While the stage sets and costumes in the Russian theater remained committed to historical classicism until the end of the 19th century, the development of the art of acting was determined by new impulses based on drama. As a result of the increased censorship after the Decembrist uprising of 1825/26 (Decembrists), which particularly affected the Petersburg theaters, the romantic theater aesthetic against the classicist was first able to establish itself in Moscow, which was far away from the court. While the leading heroic actor of the Petersburg Alexandrinsky Theater, Vasily Karatygin (* 1802, † 1853), adhered to classicist rationalism in the design of the roles until the end of the 1830s, the protagonist of the Moscow Maly Teatr relied on Pawel Motschalow (* 1800, † 1848), already in his Schiller roles in the late 1820s, on his intuitive inspiration. The staging of the comedies »Gore ot uma« (written 1822–24, premiered in 1831; German »Verstand creates suffering«, also under the title »Woe dem Verstand«) by A. Gribojedow and “Revizor” (1836; German “Der Revisor”) by N. Gogol at the Maly Theater. The realistic game aesthetic began with the dramas by A. Ostrowski from the 1850s. The founder of the Russian realistic school became M. Shchepkin, who was an actor at the Maly Theater. Further representatives were Prow Sadowski (* 1818, † 1872), Glikeria Fedotowa (* 1846, † 1929) and Maria Jermolowa (* 1853, † 1928). The Petersburg Realistic School shaped, among other things. Alexander Martynow (* 1816, † 1860) and Konstantin Varlamow (* 1848, † 1915).

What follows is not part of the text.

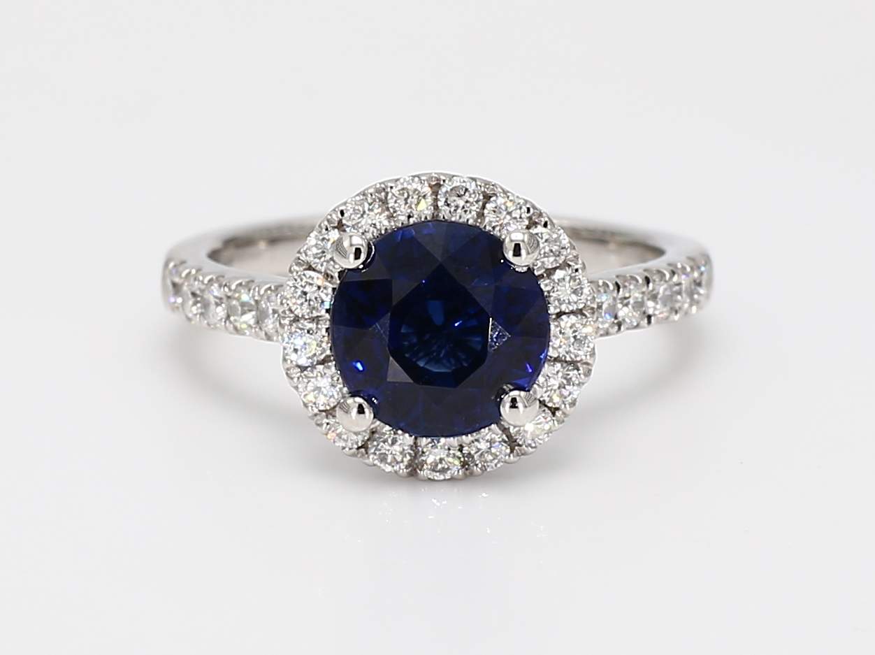 ROUND SAPPHIRE & ROUND DIAMOND PLATINUM RING

The guest performances of the Meininger Theater in 1885 and 1890 and the founding of naturalistic theaters in Paris and Berlin – A. Antoines Théâtre-Libre (1887) and O. Brahms Free Stage (1889) – paved the way for the reform of the Russian theater in the 1890s Theater. K. Stanislawski became her key figure: on October 14, 1898, the Moscow Art Theater (MCHT; from 1919 MCHAT) opened, which Stanislawski together with Vladimir Nemirowitsch-Danchenko and in which his reform ideas should be implemented. The desired realistic stage illusionism already came to fruition in the opening performance – “Car ‘Fëdor Ioannovič” (“Tsar Feodor Joannowitsch”) by A. Tolstoy . Stanislavski found an important colleague in the set designer Wiktor Simow (* 1858, † 1935), who had designed the naturalistic equipment and contemporary costumes for the first productions. Great successes in the early period of the MCHT were productions of Chekhov plays (»Čajka«, 1898, German »Die Möwe«; »Djadja Vanja«, 1899, German »Uncle Wanja«) and Gorky’s »Na dne« (»Nachtasyl«, 1902), which led to the development of a new type of actor – the psychological actor (Wassili Katschalow [* 1875, † 1948], Iwan Moskwin [* 1874, † 1946 ], Olga Knipper-Chekhova).